Э: Антон сказал, Виктор Андреевич сегодня не приедет, – (после заминки) – Ты с ним, Юш, аккуратнее. Он заходил вчера, тебя спрашивал. Потом с Антоном говорил, явно на твой счёт. Я не знаю, что у него на уме, и не моё это дело…
В: Да он на неё одну только и пялится. Как кот на сало. И дуреет потихоньку. Нет, не на сало! На валерьянку. Запретный плод и все дела.
Э: Какой плод, о чём ты? Они знакомы почти десять лет. Юна общается с ним от нашего имени, от всех нас. Мало кто при таком тесном контакте удержал бы субординацию, а она держит. Ему что-то другое надо. Я думаю, он хочет её, – (покосившись на дверь) – сделать тренером. Мелких учить. С повышением ставки и всё такое. Так что, кто к кому подкатывает, дело десятое. Решается другое: что для тебя, – (глядя на Юну) – важнее, карьера или… или мы. Нет, я ничего не говорю. Я, на твоём месте, послала бы нахер всю эту орду крашеных старух… Но, что бы ты ни решила, хорошо подумай. Не ходи к Виктору Андреевичу без ответа в голове.

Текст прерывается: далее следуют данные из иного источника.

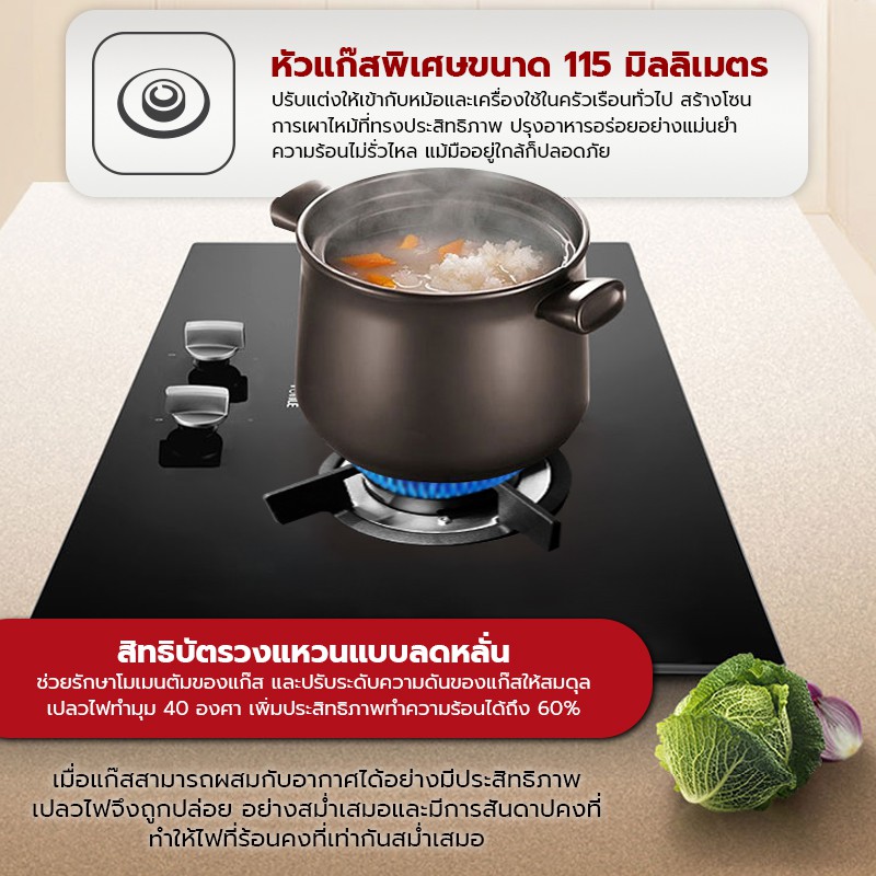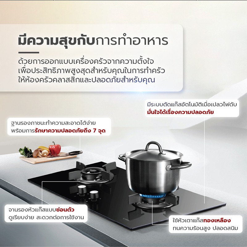 FOTILE เตาฝังแก๊ส FD2B 73 ซม. หัวเตาทองเหลือง ทนความร้อน ฐานรองทำจากเหล็กหล่อ ร้อนไว แก๊สไม่รั่วไหล

В: Старух. Да ещё и крашенных. Спасибо, Элен, от души спасибо. Мы тоже тебя любим.
(все смотрят на Юну)
Ю: Ничего себе. Какие страсти за два дня моего отсутствия. Ладно. Антон здесь?
В: Должен быть в админке.
Ю: Дай глоточек. Что-то я действительно неважно себя чувствую.
***
День, когда с ней случились три слова, она, и захоти, не смогла бы забыть.
Надрыв
голеностопных
связок.
Неудачно упала. Падение заняло долю секунды, короче молнии, вспышка – и всё. Земля ближе, чем ей полагается быть, небо дальше, встать невозможно, но и не встать – невозможно. Подняться пришлось. Чтобы… сесть обратно, на асфальт, среди проезжей части. Доползти до тротуара. И уже оттуда, теряя сознание от боли, вызвать скорую. Светило солнце.
Толкнувший успел уйти.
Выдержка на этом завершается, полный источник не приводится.